EXERCISE BRIEF.
Only the lines from the first line of the data through the line containing "Superdry Archive Aansluitende" belong in the answer, transcribed exactly; pictures do not.
SOURCE INFORMATION Start Marker
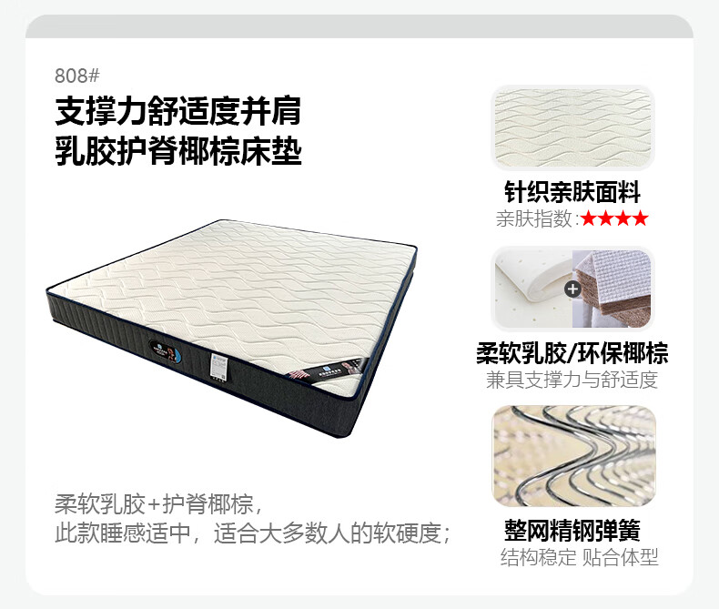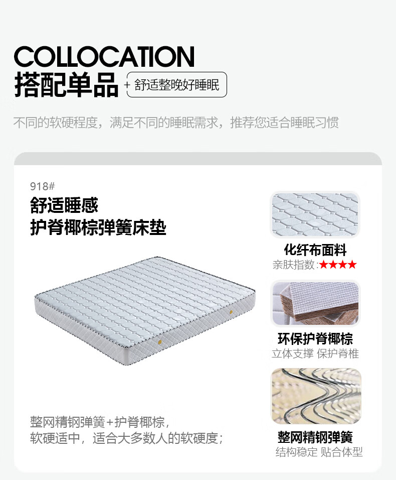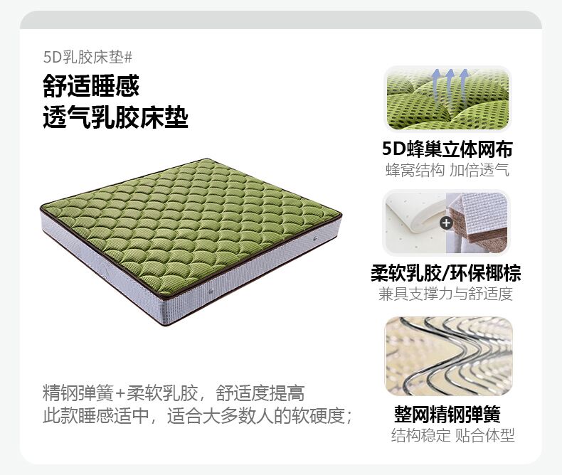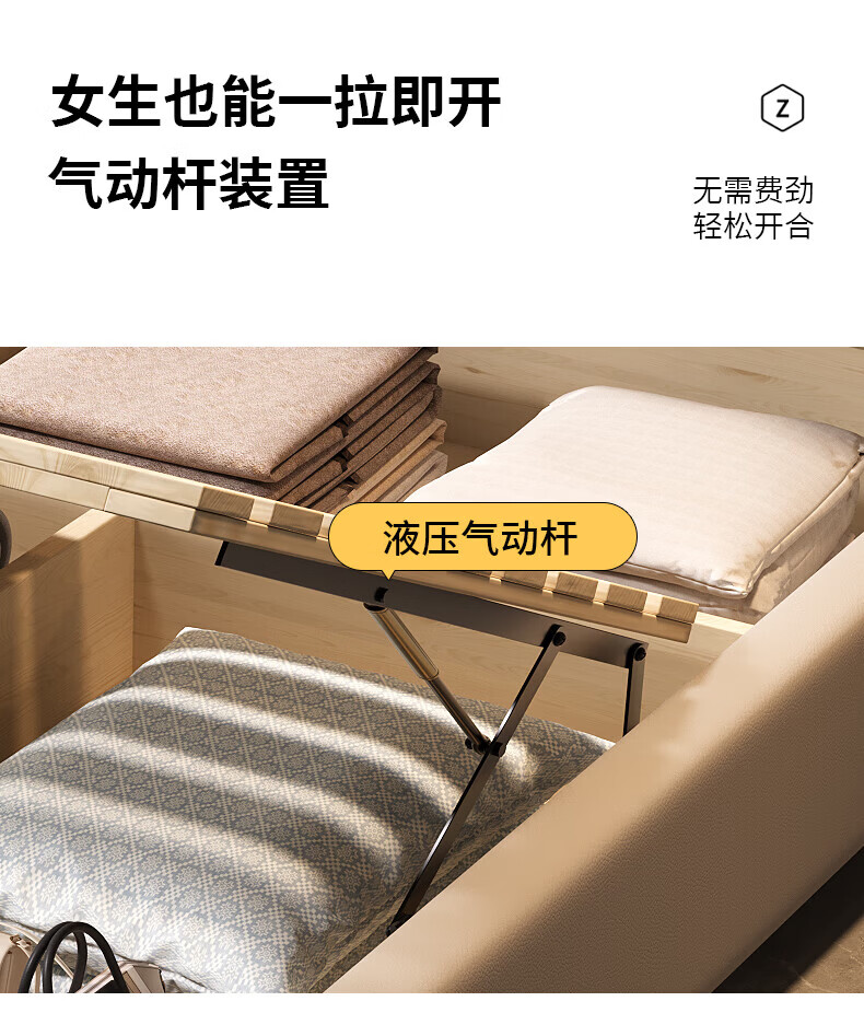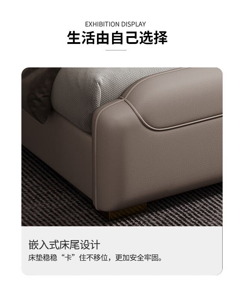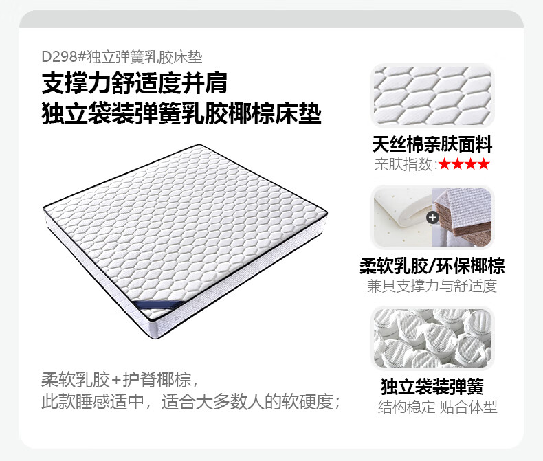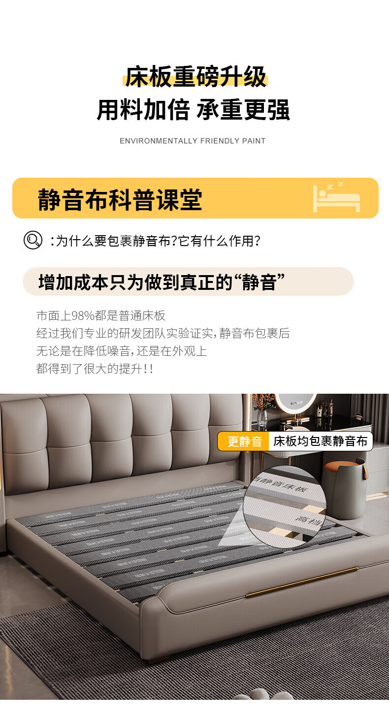 Light luxury style leather bed with light double bed 1m8 master bed 2m large bed wedding bed secondary bed 1m5 single bed bed + 5D honeycomb latex mattress + cabinet 1 + package installation 2.0*2.2m full bed bed frame
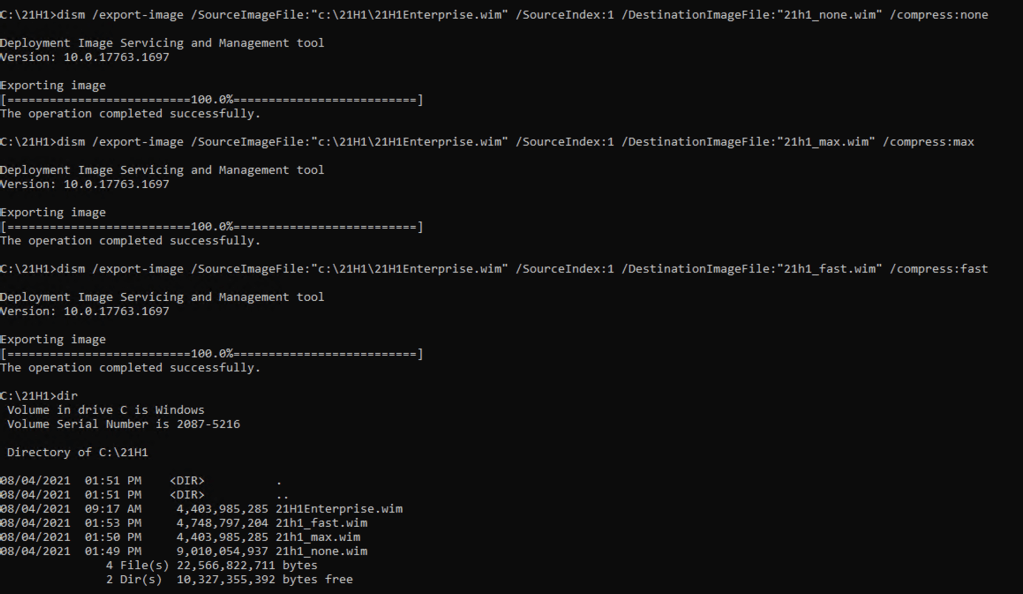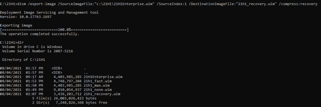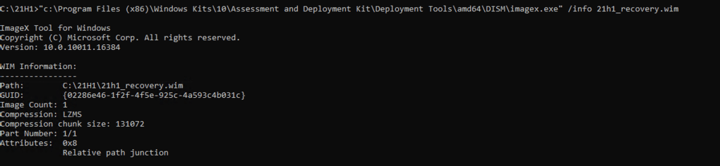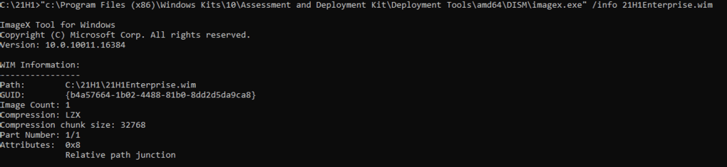 That saves a few hundred megabytes. An improvement, but still not great (e.g. it still doesn’t fit on a FAT32 USB key). So maybe it can be compressed better. First, let’s look at how it’s compressed, which sadly is most easily done using the (very) old IMAGEX.EXE utility, which is still included in the ADK:
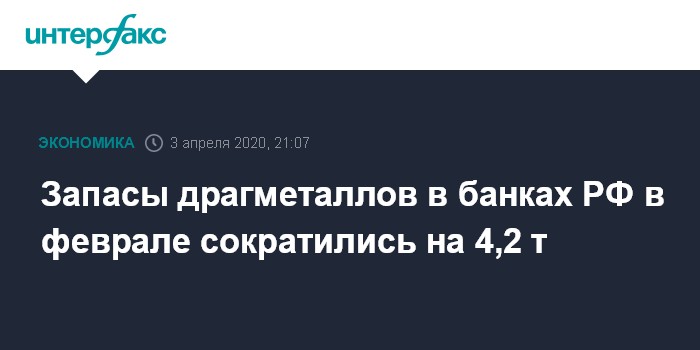 Москва. 3 апреля. INTERFAX.RU - Запасы драгметаллов в банках РФ в феврале 2020 года сократились в пересчете на золото на 4,2 тонны (5%), следует из отчетности кредитных организаций, опубликованной на сайте ЦБ РФ.
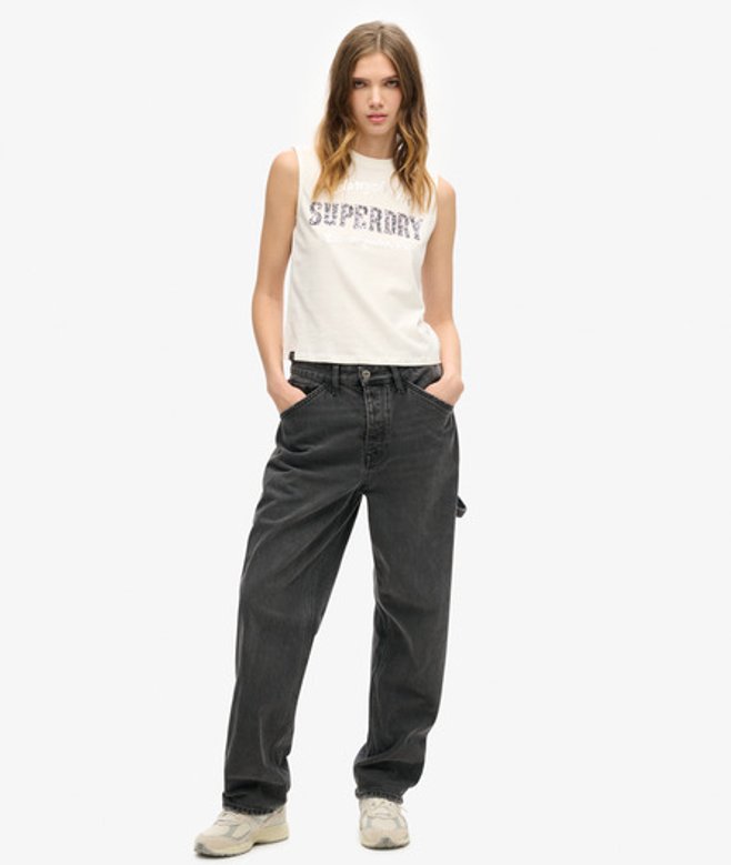 Superdry Archive Aansluitende Tanktop met Versieringen Crème
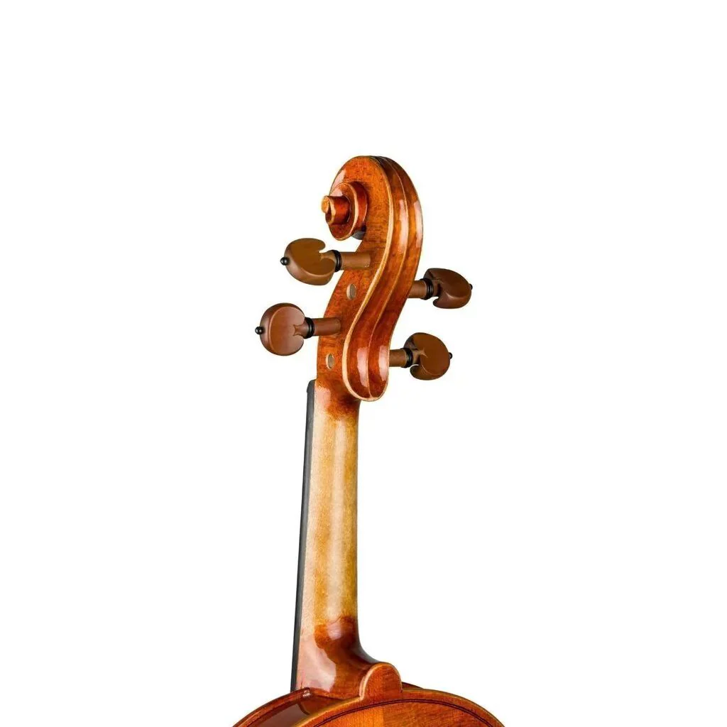 Violín ideal para estudiantes intermedios y avanzados, construido con maderas de alta calidad y acabados de lujo. Tapa frontal de pino abeto nevado seleccionado sólido, aros y fondo de arce flameado seleccionado sólido, clavijas y mentonera en boxwood, diapasón de ébano sólido.
SOURCE INFORMATION End Marker
ANSWER.
 Light luxury style leather bed with light double bed 1m8 master bed 2m large bed wedding bed secondary bed 1m5 single bed bed + 5D honeycomb latex mattress + cabinet 1 + package installation 2.0*2.2m full bed bed frame
 That saves a few hundred megabytes. An improvement, but still not great (e.g. it still doesn’t fit on a FAT32 USB key). So maybe it can be compressed better. First, let’s look at how it’s compressed, which sadly is most easily done using the (very) old IMAGEX.EXE utility, which is still included in the ADK:
 Москва. 3 апреля. INTERFAX.RU - Запасы драгметаллов в банках РФ в феврале 2020 года сократились в пересчете на золото на 4,2 тонны (5%), следует из отчетности кредитных организаций, опубликованной на сайте ЦБ РФ.
 Superdry Archive Aansluitende Tanktop met Versieringen Crème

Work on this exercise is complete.